- Education: Amherst College, University of Iowa, Yale University
- Writing career
- Genre: Fiction
- Website: www.lindsayoconnorstern.com

= Lindsay Stern =

American fiction writer

Lindsay Stern is an American writer and essayist. She is the author of the novel The Study of Animal Languages and the novella Town of Shadows.

== Education ==
Stern received a B.A. in English and Philosophy at Amherst College.
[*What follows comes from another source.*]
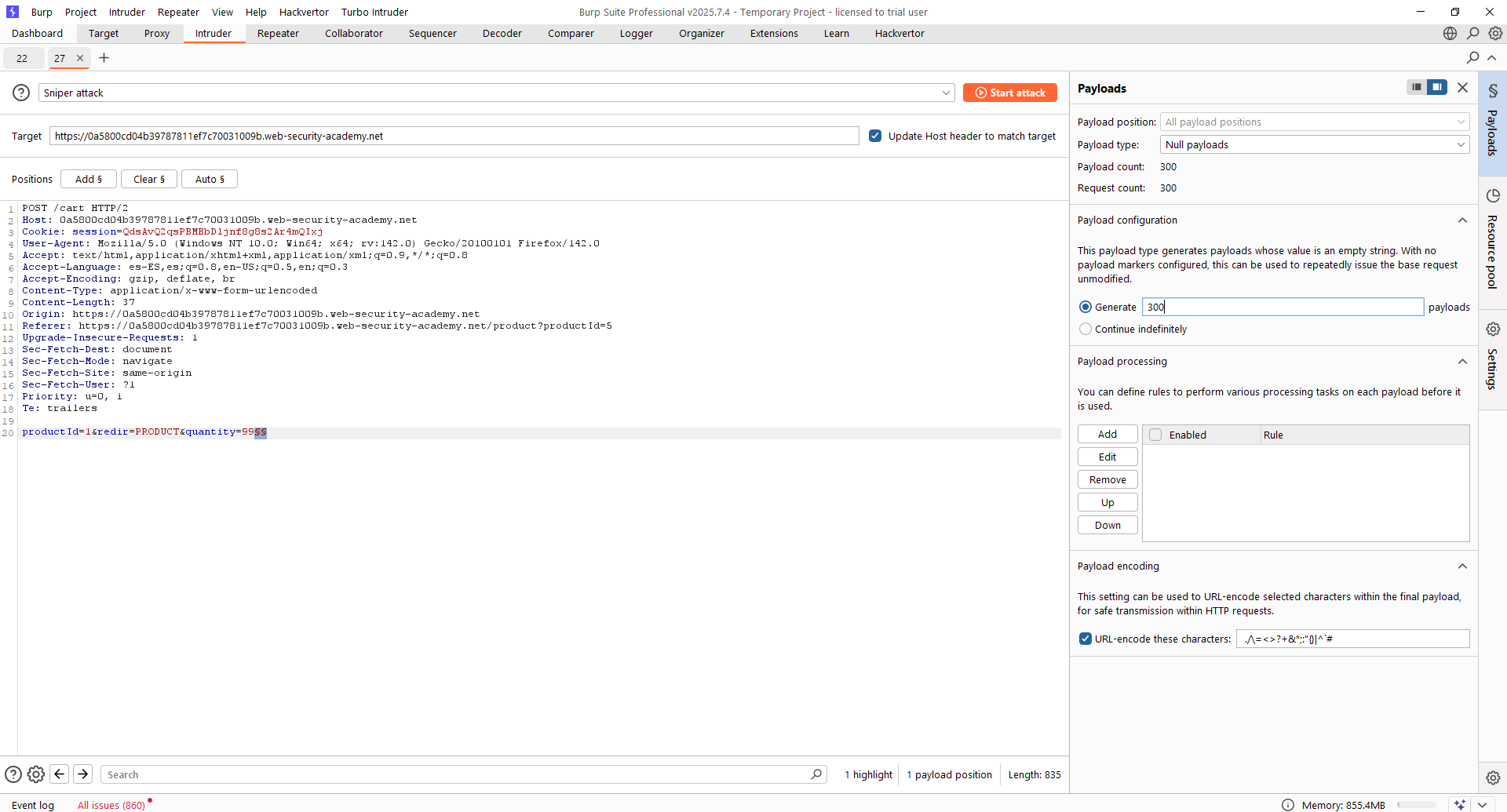 En este caso, el flujo es idéntico a los anteriores, pero ninguna de las técnicas ya mostradas funciona. Sin embargo, podemos seguir intentando hacer cosas no esperables. ¿Qué ocurre, por ejemplo, si se añaden miles de productos a la cesta? Vamos a evaluarlo incluyendo 99 «jackets» 300 veces. Usamos para ello el Intruder.

She graduated with an M.F.A in fiction from the Iowa Writers' Workshop and began a Ph.D. in Comparative Literature at Yale University.

== Literary career ==
Stern published Town of Shadows with Scrambler Books in 2012. She wrote the book while at Amherst College.

Her debut full-length novel, The Study of Animal Languages, was published by Viking in 2019. It follows two professors in a New England campus who are married to each other.

Kirkus Reviews wrote: "Stern’s brittle comedy of highfalutin intellectual theories evolves into a feeling portrait of a gifted man coming face to face with his limitations." Publishers Weekly suggested in a mixed review that the "intellectually teeming prose makes for a thought-provoking novel, though it’s more successful asking questions such as, 'Can voles experience heartbreak?' than depicting people breaking each other’s hearts."

Booklist called it a "jittery, intelligent. . . depiction of relationships in which the parties involved experience a distressing inability to communicate." The New York Journal of Books wrote: "Though she often depends on facile academic stereotypes, Stern reveals the ways in which scientists may try to deploy objective methods, but are ultimately human."

For Washington Independent Review of Books, "What pulls The Study of Animal Languages toward its unexpectedly satisfactory conclusion (though not a by-the-book happy ending) is a series of false steps that require Prue and Ivan to face inner truths that neither character had thought silently to themselves, let alone proclaimed aloud to each other."

Stern writes for Smithsonian Magazine.